Mitt Romney's Takedown Of Donald Trump Isn't Getting The Reaction He Was Hoping For
When Donald Trump was running to be the Republican nominee for president in 2016, now Republican senator for Utah, Mitt Romney, called him out as "a phony, a fraud," via The New York Times. Romney seemed to have moved past that stance when he was photographed dining with Trump after the real estate mogul won the election and Romney was a potential candidate to be appointed Secretary of State; a position he didn't end up getting, per Vanity Fair. Things between Romney and Trump publicly soured again after the January 6 Capitol insurrection, and Romney voted for Trump's impeachment over it, according to USA Today.
In February 2021, Romney acknowledged the enduring appeal of Trump to the Republican party, saying, "I don't know if he'll run in 2024 or not, but if he does I'm pretty sure he will win the nomination," via Twitter — that isn't something Romney wants to see happen. In an op-ed for The Atlantic published on Independence Day 2022, Romney wrote about problems in the country like climate change and border control, writing, "We are a nation in denial." "A return of Donald Trump would feed the sickness, probably rendering it incurable," the senator continued.

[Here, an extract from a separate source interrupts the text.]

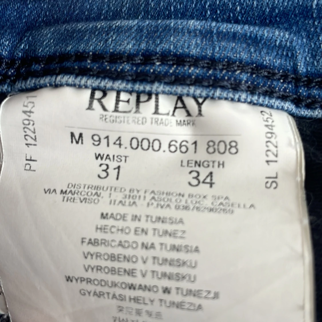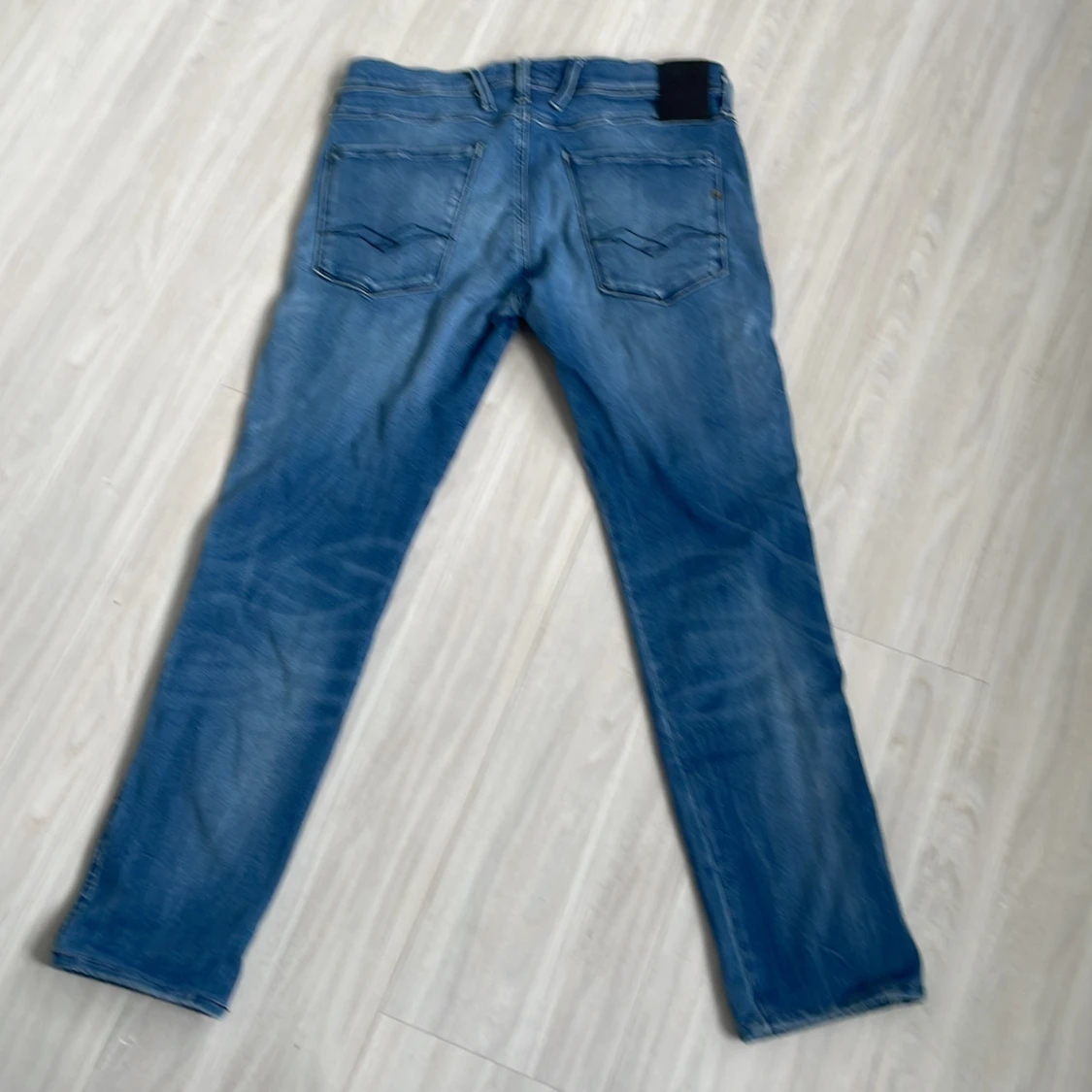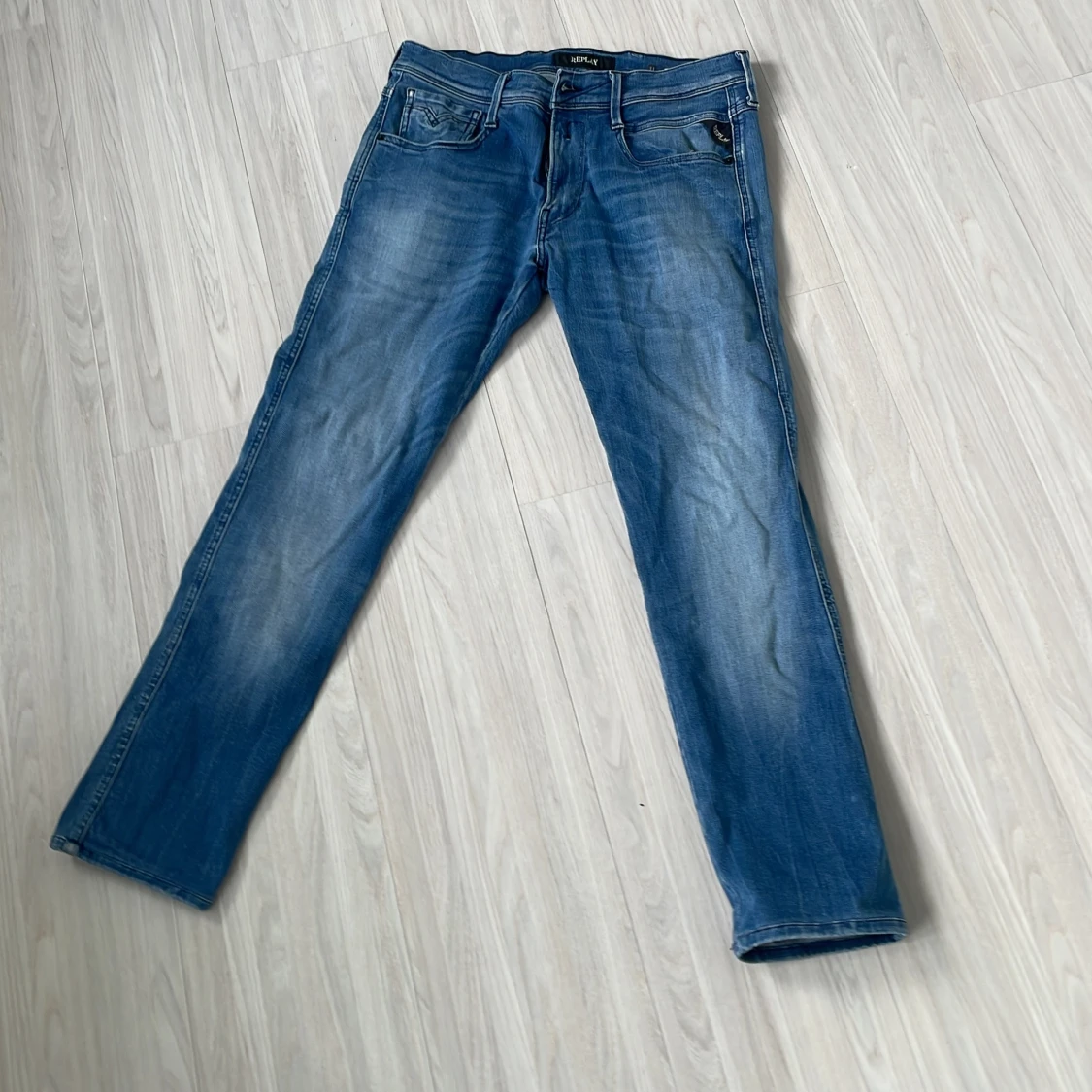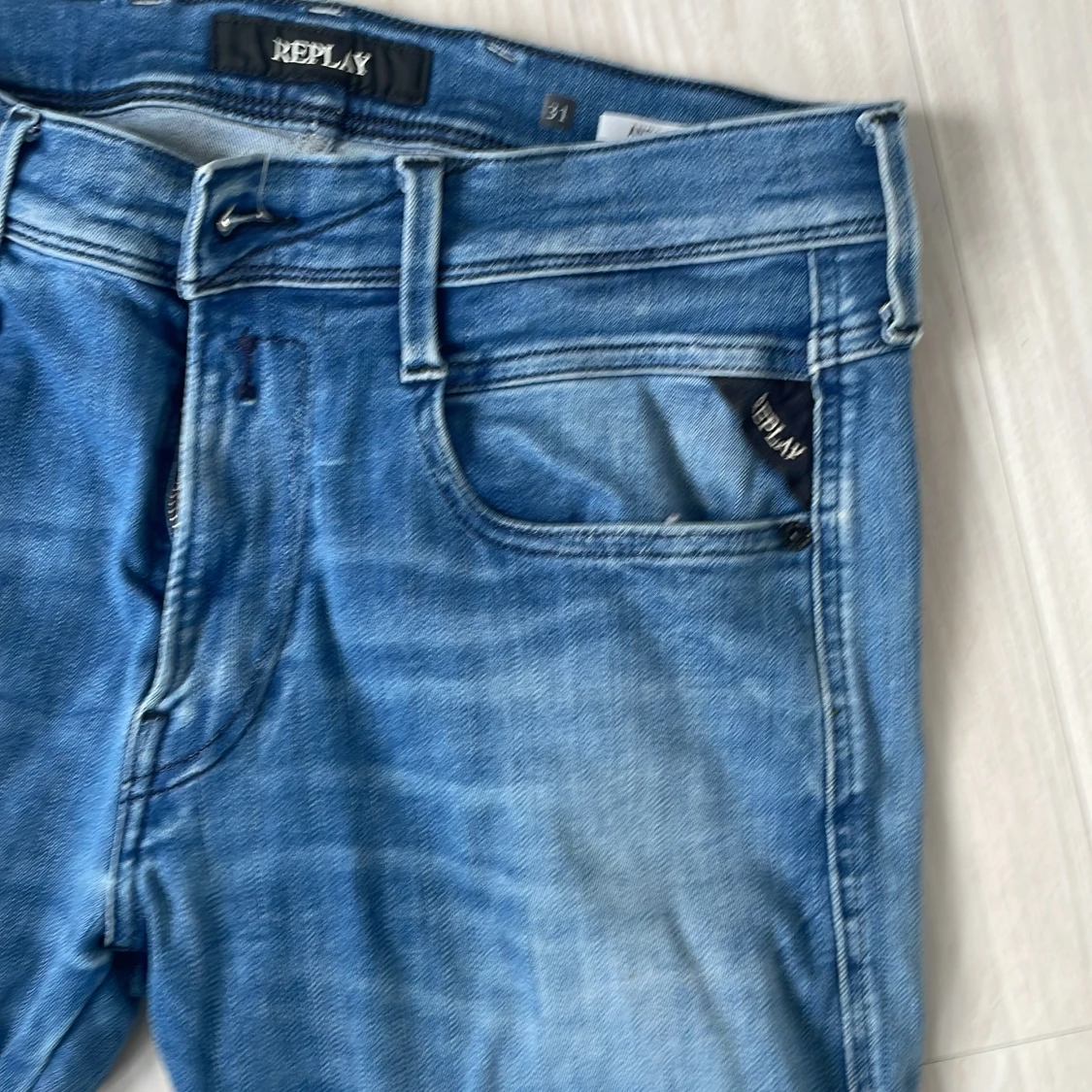 Säljer ett par snygga blå jeans från Replay. Midjemått är W31 och längd 34.

Romney said instead of Trump, he wants "a president who can rise above the din to unite us behind the truth." But people aren't necessarily rallying behind Romney's call to unite the country and calling out of Trump.

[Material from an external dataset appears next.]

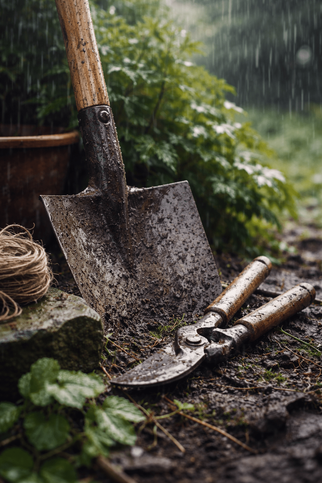An observational essay on working in the garden during rain, exploring how wet weather reveals habits, judgment, and the true nature of maintenance.
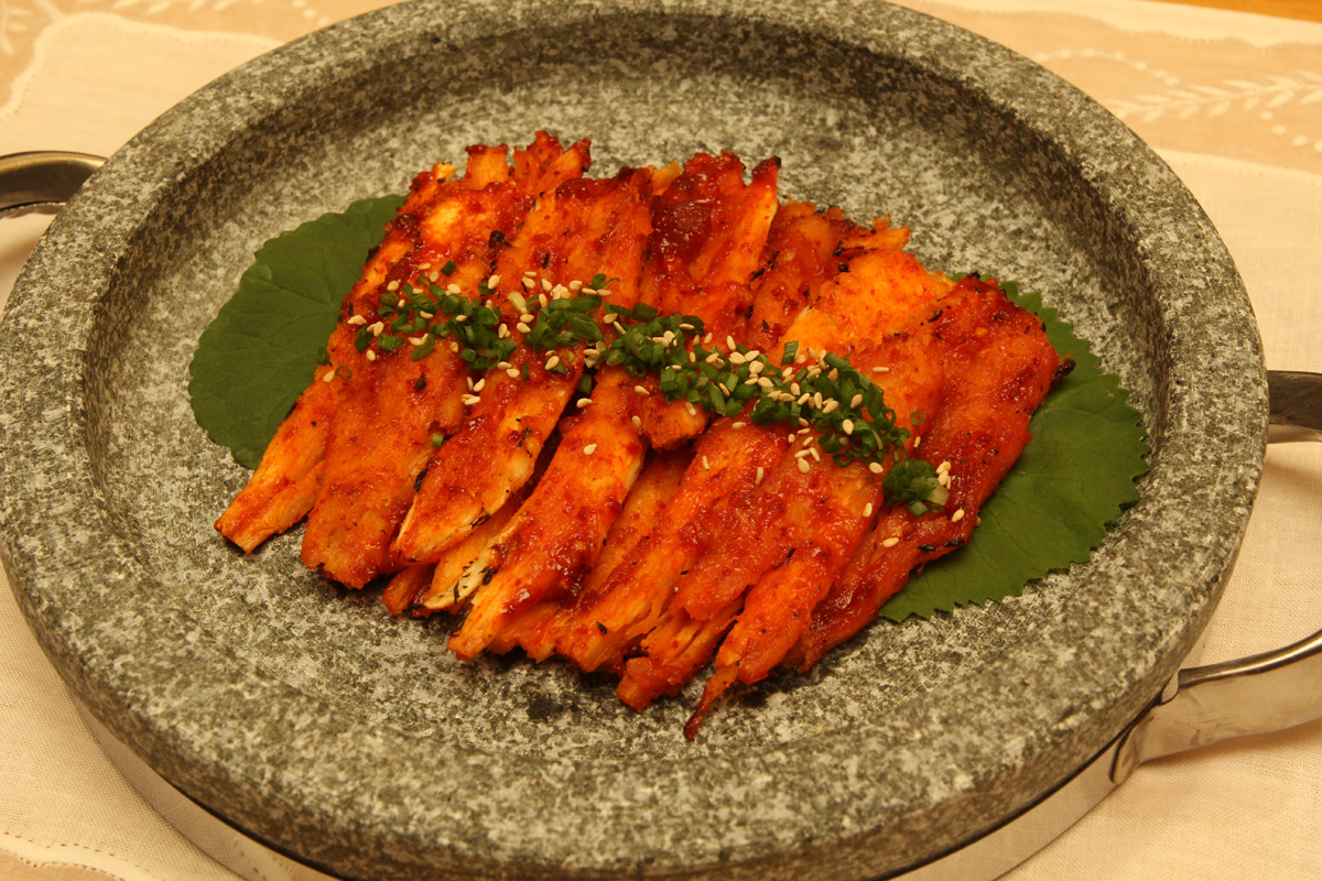 【韓国の旬メシ109】ツルニンジンに薬味ダレを塗って焼いた、トドックイ(더덕구이)。高麗人参のようなほろ苦さがあり、よく叩いて下ごしらえをするとジャキジャキとした食感が軽快です。寒い時期の2月頃が旬です。

Some see Mitt Romney has a hypocrite
Mitt Romney made it clear that he doesn't see Donald Trump as the right candidate for the next president of the United States to be able to unite the country, via his op-ed published by The Atlantic. While he made his points clear, some see Romney as having missed the larger context at play in politics these days. One tweeted, "Mitt Romney wrote an op-ed for the Atlantic bemoaning lack of leadership in the US. Yo, Mitt, speaking of leadership, how about breaking with NRA-owned GOP and calling for a US assault weapon ban?"
Another thought that Romney was a part of the problem, tweeting at the senator, "You're part of an elitist construct that empowered Trump in the first place." And some think Romney needs to do more himself, tweeting, "You are in a position to course correct this catastrophe. Stop writing about the problems. Act to change the problems."
Others saw Romney calling out both the right and left in the op-ed — as needing to unite and do better — as hypocritical, too. One Twitter user wrote, "The threats are all coming from the GOP, your party." Romney was seen as insincere in a different way in this tweet that called him a RINO (Republican In Name Only), with the user pointing out that Romney asked for "Trump's endorsement for his Senate run in 2018."